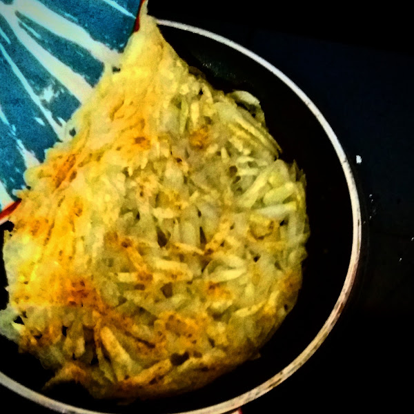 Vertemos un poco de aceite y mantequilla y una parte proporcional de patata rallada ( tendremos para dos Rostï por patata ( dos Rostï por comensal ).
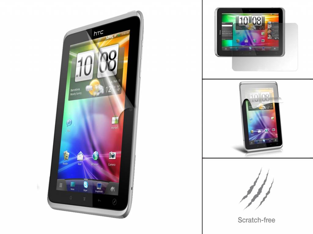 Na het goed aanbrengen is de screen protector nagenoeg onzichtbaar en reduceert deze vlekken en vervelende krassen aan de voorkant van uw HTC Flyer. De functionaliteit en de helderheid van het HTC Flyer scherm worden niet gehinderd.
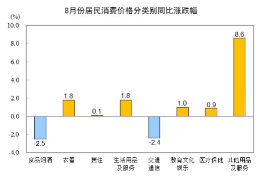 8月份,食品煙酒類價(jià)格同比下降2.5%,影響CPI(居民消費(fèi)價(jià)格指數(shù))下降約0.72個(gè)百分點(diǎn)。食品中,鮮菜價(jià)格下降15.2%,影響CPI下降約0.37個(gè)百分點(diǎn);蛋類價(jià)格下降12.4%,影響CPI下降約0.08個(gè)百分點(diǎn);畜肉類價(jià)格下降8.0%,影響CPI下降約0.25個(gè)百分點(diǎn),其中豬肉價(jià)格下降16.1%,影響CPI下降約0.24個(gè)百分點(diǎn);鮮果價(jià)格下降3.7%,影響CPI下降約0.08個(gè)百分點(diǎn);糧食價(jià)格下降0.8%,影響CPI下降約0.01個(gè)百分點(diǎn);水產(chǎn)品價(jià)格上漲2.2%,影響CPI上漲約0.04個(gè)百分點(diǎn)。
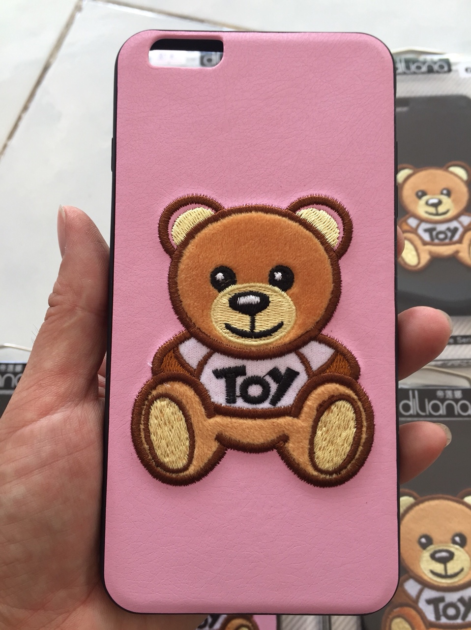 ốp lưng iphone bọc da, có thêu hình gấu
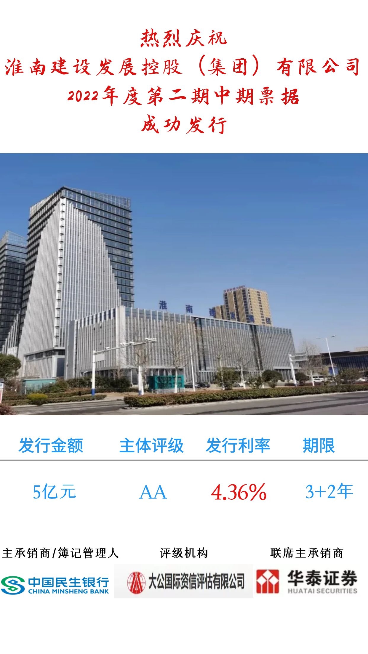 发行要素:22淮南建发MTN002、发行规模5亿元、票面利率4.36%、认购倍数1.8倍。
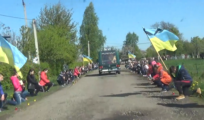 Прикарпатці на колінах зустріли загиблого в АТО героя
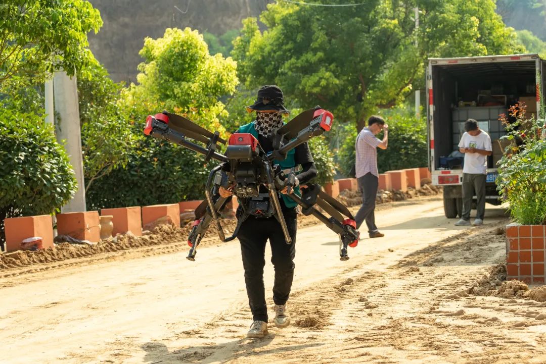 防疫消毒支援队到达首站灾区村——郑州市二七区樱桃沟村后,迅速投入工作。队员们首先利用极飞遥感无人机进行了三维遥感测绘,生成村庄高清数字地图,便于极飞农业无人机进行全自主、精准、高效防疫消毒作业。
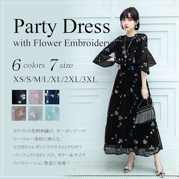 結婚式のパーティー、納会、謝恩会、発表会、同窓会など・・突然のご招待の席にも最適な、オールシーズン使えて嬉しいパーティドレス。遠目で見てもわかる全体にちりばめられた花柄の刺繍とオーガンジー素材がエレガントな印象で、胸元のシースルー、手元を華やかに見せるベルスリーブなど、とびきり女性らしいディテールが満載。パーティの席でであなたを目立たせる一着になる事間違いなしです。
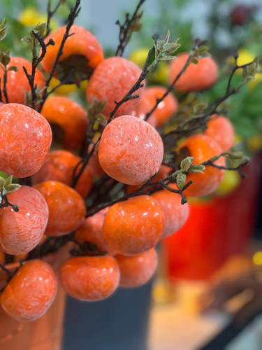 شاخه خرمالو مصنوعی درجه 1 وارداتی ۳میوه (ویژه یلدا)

+ + +

# YOUR TASK:
Restate the records above in full and word for word, but do not carry over any pictures.

# RESPONSE FOR THIS EXERCISE:
 Vertemos un poco de aceite y mantequilla y una parte proporcional de patata rallada ( tendremos para dos Rostï por patata ( dos Rostï por comensal ).
 Na het goed aanbrengen is de screen protector nagenoeg onzichtbaar en reduceert deze vlekken en vervelende krassen aan de voorkant van uw HTC Flyer. De functionaliteit en de helderheid van het HTC Flyer scherm worden niet gehinderd.
 8月份,食品煙酒類價(jià)格同比下降2.5%,影響CPI(居民消費(fèi)價(jià)格指數(shù))下降約0.72個(gè)百分點(diǎn)。食品中,鮮菜價(jià)格下降15.2%,影響CPI下降約0.37個(gè)百分點(diǎn);蛋類價(jià)格下降12.4%,影響CPI下降約0.08個(gè)百分點(diǎn);畜肉類價(jià)格下降8.0%,影響CPI下降約0.25個(gè)百分點(diǎn),其中豬肉價(jià)格下降16.1%,影響CPI下降約0.24個(gè)百分點(diǎn);鮮果價(jià)格下降3.7%,影響CPI下降約0.08個(gè)百分點(diǎn);糧食價(jià)格下降0.8%,影響CPI下降約0.01個(gè)百分點(diǎn);水產(chǎn)品價(jià)格上漲2.2%,影響CPI上漲約0.04個(gè)百分點(diǎn)。
 ốp lưng iphone bọc da, có thêu hình gấu
 发行要素:22淮南建发MTN002、发行规模5亿元、票面利率4.36%、认购倍数1.8倍。
 Прикарпатці на колінах зустріли загиблого в АТО героя
 防疫消毒支援队到达首站灾区村——郑州市二七区樱桃沟村后,迅速投入工作。队员们首先利用极飞遥感无人机进行了三维遥感测绘,生成村庄高清数字地图,便于极飞农业无人机进行全自主、精准、高效防疫消毒作业。
 結婚式のパーティー、納会、謝恩会、発表会、同窓会など・・突然のご招待の席にも最適な、オールシーズン使えて嬉しいパーティドレス。遠目で見てもわかる全体にちりばめられた花柄の刺繍とオーガンジー素材がエレガントな印象で、胸元のシースルー、手元を華やかに見せるベルスリーブなど、とびきり女性らしいディテールが満載。パーティの席でであなたを目立たせる一着になる事間違いなしです。
 شاخه خرمالو مصنوعی درجه 1 وارداتی ۳میوه (ویژه یلدا)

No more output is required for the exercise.